Drop sub species records: "homo sapiens ssp denisova"[Organism] 

In [686]:
ncbi_denisova_records_df = pd.read_csv("../input/ncbi_denisova_20250630.txt", sep="\t")

ncbi_denisova_records_df = ncbi_denisova_records_df.rename(
    columns={"GeneID": "NCBI_ID", "Symbol": "gene_symbol", "Aliases": "alias_symbol"})

In [687]:
mini_ncbi_df = mini_ncbi_df[~mini_ncbi_df['NCBI_ID'].isin(ncbi_denisova_records_df['NCBI_ID'])]

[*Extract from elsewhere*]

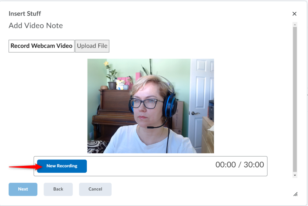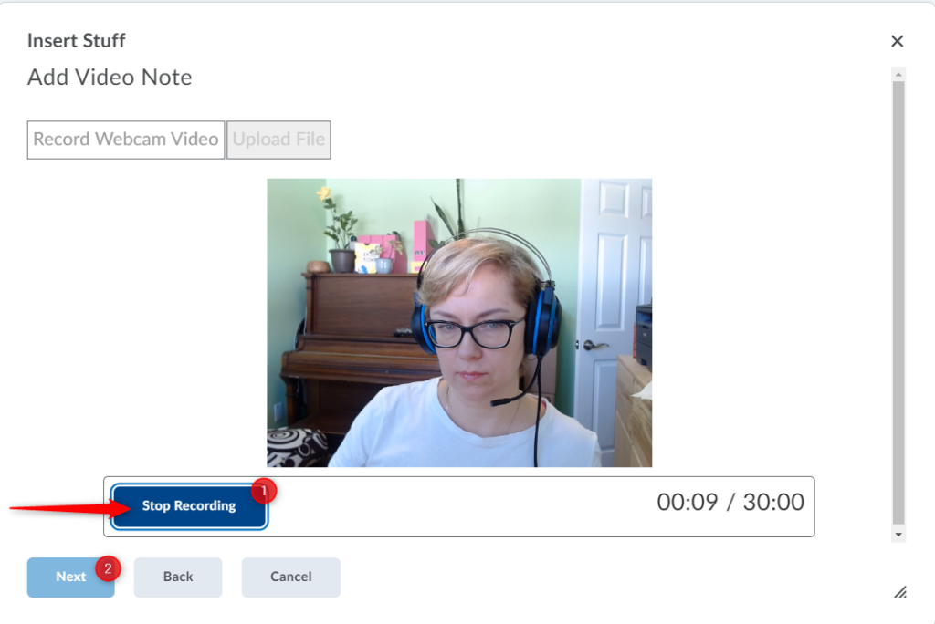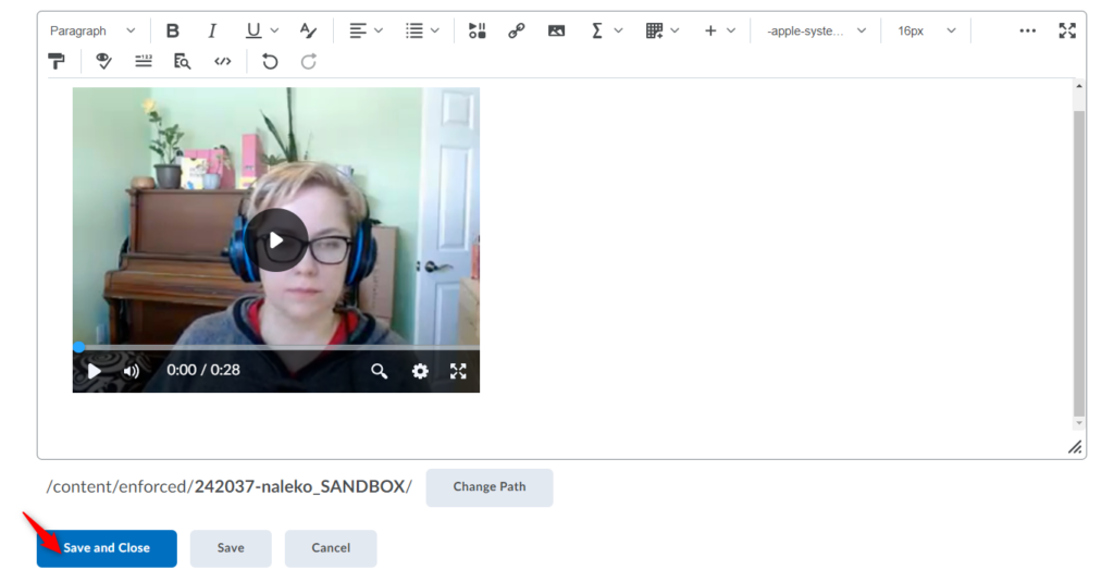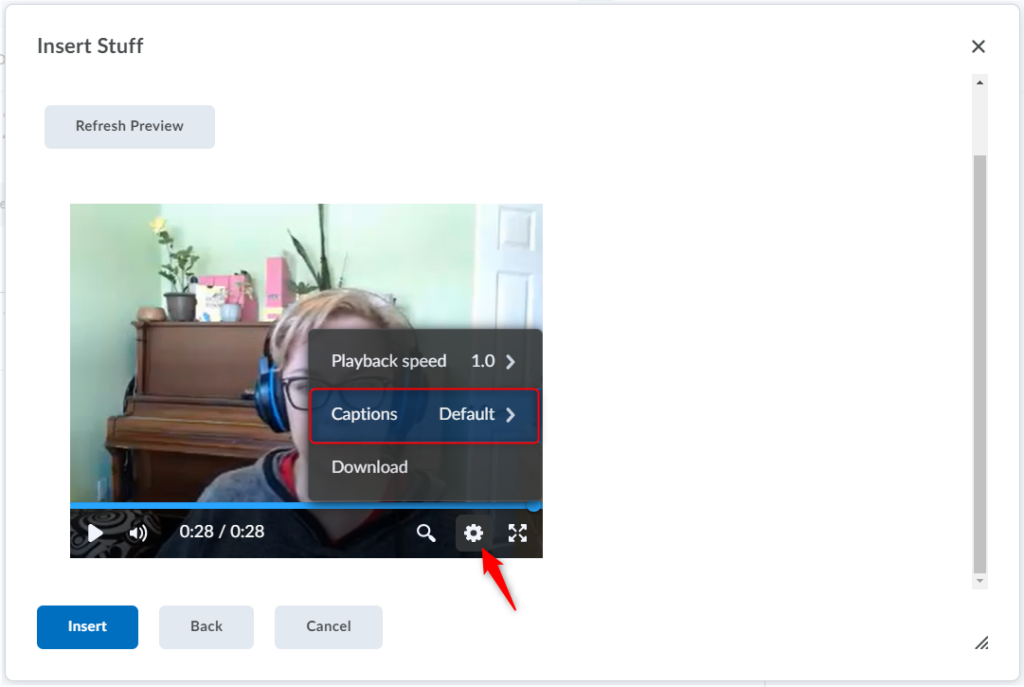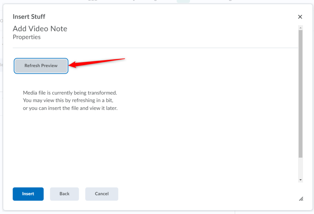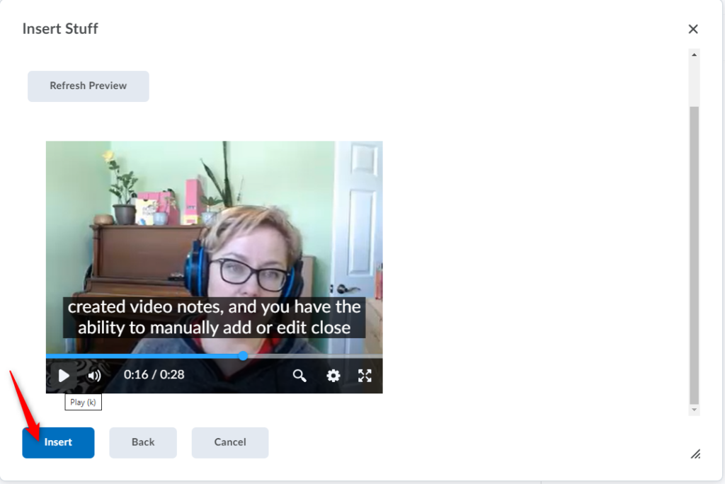 预览视频笔记后,点击插入将您的视频笔记添加到 Brightspace 编辑器。

Drop sub species records: "homo sapiens neanderthalensis"[Organism] 

In [688]:
ncbi_neanderthalensis_records_df = pd.read_csv("../input/ncbi_neanderthalensis_20250630.txt", sep="\t")

ncbi_neanderthalensis_records_df = ncbi_neanderthalensis_records_df.rename(
    columns={"GeneID": "NCBI_ID", "Symbol": "gene_symbol", "Aliases": "alias_symbol"})

In [689]:
mini_ncbi_df = mini_ncbi_df[~mini_ncbi_df['NCBI_ID'].isin(ncbi_neanderthalensis_records_df['NCBI_ID'])]

In [690]:
create_ap_collision_df(mini_ncbi_df, "NCBI")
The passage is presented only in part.